L’arte non si pesa e non si misura. La vecchia questura era una , un laboratorio aperto praticamente h24, come solo rimangono “aperti” i distributori di dolcezze, di canne leggere e del sesso veloce in questa città. Tutto è avvenuto non senza grandi difficoltà e grandi, lunghe discussioni. Per farla breve: ecco, immagini una situazione del genere “Il signore delle mosche”, di William Golding. Ma, tra artisti, sa meglio di me quanta paura hanno di crescere e come vivono di protagonismo. Dovrebbe domandare alle realtà che erano attive all’ex-Q come ci sono riuscite. Io posso solo dire la mia, se permette. Per quello che mi riguarda, l’arte non è democratica ed è il merito l’unico parametro che si è utilizzato quando si è valutato un artista o un progetto o qualche giovane che si proponeva come attivista ex-Q.
Come ha reagito la popolazione a questa vostra decisa presa di coscienza che definirei coraggiosa, sia a livello artistico sia di collettività.

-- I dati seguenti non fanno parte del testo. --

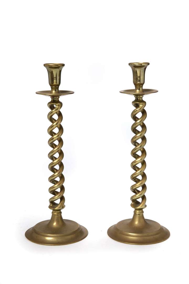 Paire de flambeaux en laiton, le fût à double torsade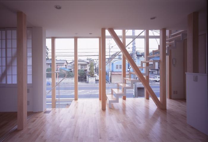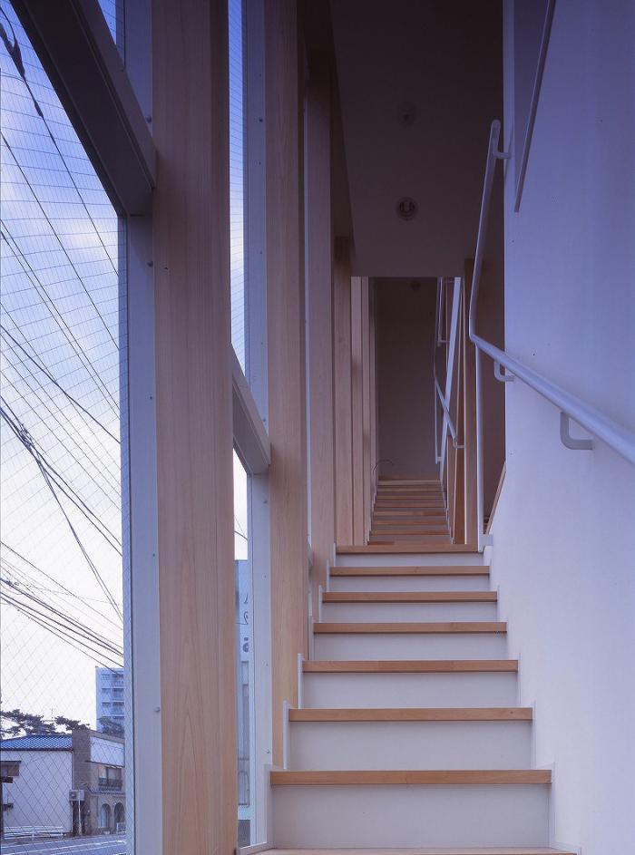 まず、北側の国道に面し大きな開口部を配し、バッファーゾーンとしての階段を通して、2階居室への柔らかい採光と眺望を求めた。 北側に大きな開口部をつくる手法はしばしばアトリエなどに用いられ、柔らかい光は室内に眩しさ・高温・陰をつくらず、実はとても居心地が良い。 次に、3階は南側バルコニーで外部空間を取り込み、そこから居室への採光を確保した。 現在、敷地の南・西側はカーディーラーの駐車場となっているが、将来に渡り居住性が確保されている。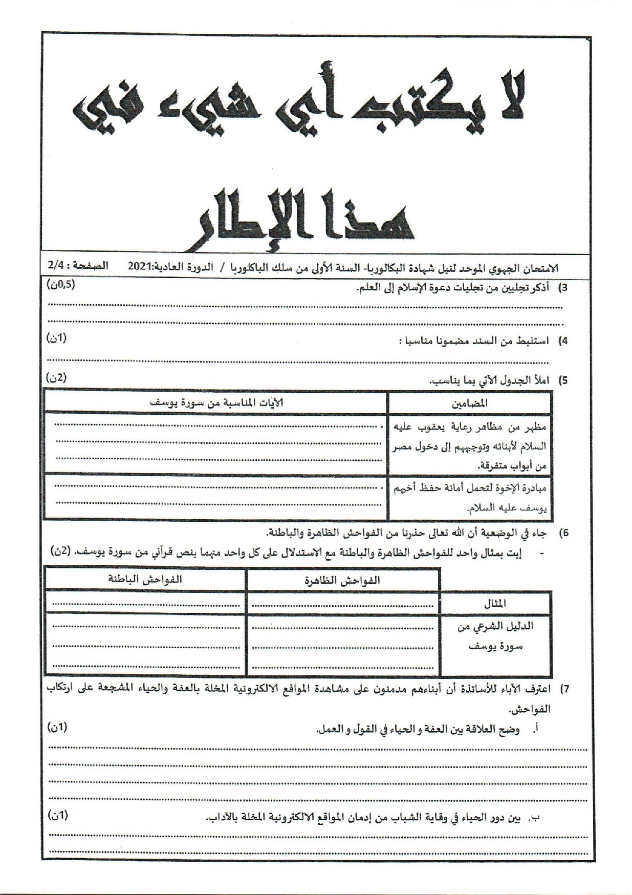 الامتحان الجهوي في التربية الإسلامية (د. العادية) - كلميم واد نون 2021 - الموضوع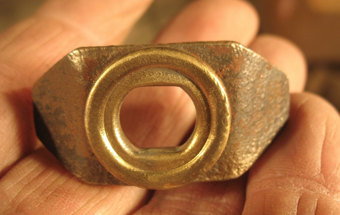 Somehow, I came in possession of a couple of flat bridge washers with the smaller, Schrader 777 hole size. I really wanted to use them with my 777 stems, so I came up with a plan. I bought some 1/2 inch brass plated steel grommets and crazy glued one half of the grommet to the bottom of the bridge washer. This perfectly mimics the dimple on the bottom of original bridge washers. Once installed on the stem and tightened down, the grommet can't go anywhere, the crazy glue is just for holding the grommet in place during installation. I did have to do some sanding on the excess crazy glue to get a smooth surface.

La popolazione ha reagito bene. Gli spazi erano tutti occupati, vissuti da diverse associazioni e realtà: artisti e musicisti, piccole officine, laboratori artigianali e di fotografia che continuamente creavano ed esprimevano con eventi il proprio lavoro dando vita a mostre, performance teatrali, presentazione di libri, reeding di poesia, workshop che si aprivano al pubblico e che hanno portato centinaia di persone all’interno dell’ex-Q. Poi ci sono degli aspetti più popolari, come espressioni di solidarietà all’interno del quartiere dove capitava di trovare il caffè pagato al bar o la cena offerta, o come l’acqua che nel primo periodo non avevamo e che ci veniva fornita con lunghe pompe che attraversavano le vie. Qualcuno si ricorderà ancora del giorno in cui abbiamo scoperto che avevamo l’acqua nello stabile dopo 6 mesi d’occupazione, mesi in cui si andava a prenderla alle fonti e si inventavano sistemi idraulici con mezzi impossibili ma funzionanti e creativi. E tutto era così, dalla luce al riscaldamento d’inverno. Insomma, una naturale disciplina dell’antagonista senza i riflettori addosso, come invece avevano i nostri colleghi operai dell’Asinara. Fra l’altro, la nostra prima mostra fu proprio dedicata a loro: scatti dei lavoratori nell’isola occupata di Roberto Careddu, un fotografo di Cagliari.
L’ex-Q non era solo qualcosa di radicato nell’isola, ma aveva espanso i suoi orizzonti anche con altre realtà oltre mare. Ci racconta come riusciva (o riuscivate) a gestire il tutto?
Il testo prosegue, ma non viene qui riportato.